As we grow older, our time with our parents becomes more limited. Work, busy schedules, travels, and relationships with friends and significant others get in the way of the time we spend together, which is why I believe that at some point in our adult lives we should take the time to travel with our parents. Since travel is an important aspect of my life and now my career, I am often on the road, but due to different and conflicting schedules, my family and I rarely get to travel together and up until recently that was okay in my mind. I had plenty of travel memories with them from the past, but after a trip to Italy together in May 2014, I found myself wanting to travel more with my family, especially my parents.
I realized that the way I travel now is completely different than the way I traveled with my parents as a child, and I think that I was nervous to mix the two for a while. But, after those trips, I found it was easier to travel with each other than I had previously remembered, partially because we could take care of each other, rather than relying on our parents to take care of us as they did when we were children. At this age, I no longer see them as the authority figures in my life, but instead as my confidants, companions, and biggest supporters. It completely switched up the dynamics and changed the way we traveled together.
Last week, I had the opportunity to travel throughout Provence with my mom on a Viking River Cruise and the experience opened my eyes and made me even more grateful that I was able to share the trip with her. While I was so excited for our time in Europe together, I was also a bit nervous. Even though we have a strong relationship and she’s one of my best friends, we were going to be traveling together for ten days, just the two of us. We hadn’t spent that much time together in a very long time, so although I was looking forward to the trip, I was curious how traveling with her for so long would be.

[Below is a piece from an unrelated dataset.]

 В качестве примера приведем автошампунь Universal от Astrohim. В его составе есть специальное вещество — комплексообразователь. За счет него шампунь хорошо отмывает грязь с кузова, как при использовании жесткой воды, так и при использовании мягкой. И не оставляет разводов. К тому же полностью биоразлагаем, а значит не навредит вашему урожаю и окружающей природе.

Before arriving in France for the cruise, we arrived in Amsterdam and immediately met up with my friend Jade, who I hadn’t seen since our time together in Africa. Jade is living in Amsterdam and during our day-long layover, my mom and I were able to meet up with her and her mom, who was in town from Sydney. Getting to introduce my mom to a friend I had met on the road was a special experience, and it was equally nice to be able to meet Jade’s mom.
To see Jade and her mom traveling together, while I was traveling with my mom, made me happy and gain the realization that more of us should be traveling with our parents, especially while we can. These memories that we are able to make together are some of the best we’ve ever had and ones I know will continue to stay with me for the rest of my life. Maybe we spent our younger days yearning for time apart, but from what I’ve come to understand, those of us who do travel with our parents, especially in our thirties, find it rewarding and rejuvenating for our relationship with our parents.
From Amsterdam, we made our way to France and onto the Viking Buri, which would take us from Avignon to Lyon. We had seven days together in close quarters and plenty of activities together that I knew would help deepen our relationship. What I loved most about sharing this travel experience was watching my mom in a different environment and role than the one she normally plays. Traveling opens up opportunities for new learning experiences and watching my mom learn a new skill or craft allowed me to see her in a new light, more as a child and less as a parent.
My mom is always in the kitchen, but baking is out of her comfort zone and it was fun for me to see her learning something new in the kitchen. I also enjoyed baking side by side with her, especially because I was better at things than she expected me to be, which turned it into a bit of fun competition.
Aside from our time together, because we were traveling on a cruise, it also allowed us opportunities to have time apart. Sometimes we would take separate excursions and other times we would split up in the early morning or before dinner to give each other some space, even though we probably didn’t need it. During this time, we were able to make new friends, and I was so impressed with the amount of friends my mom made. I’ve always known her to be a social butterfly, but I was able to see it even more so during this trip. Seeing my mom create new friendships was exciting and really fun to watch, plus I even made a few new friends because of her.
On the boat, there were so many occasions where we could let loose and just be ourselves. There were no roles for us to play and we were just able to enjoy the time we had together, more as friends than mother and daughter. Whether we were exploring the towns in Provence, drinking rosé, or dancing on the boat, I got to see my mom in a new way, and I think that was the best part of traveling with her.
Parting at the end of the trip was the hardest part, as I continued my journey throughout Europe and she was headed home and back to work. We had looked forward to the trip for so long and it was hard to part ways, especially because the trip had gone better than we both had expected. I thought a week together would be too long, but it turned out that it wasn’t long enough for all the time I wanted to spend with her and the memories I wanted to share.
The biggest lesson I learned was that if you travel with your parents, especially as you both get older, it can only help strengthen your relationship and deepen the bond you have. I’ve always been grateful for my mom, but this trip made me see her as a person more than just my mom and appreciate how lucky I am to have someone so wonderful as a major factor in my world. I hope that we’ll have many more travels ahead of us in the future.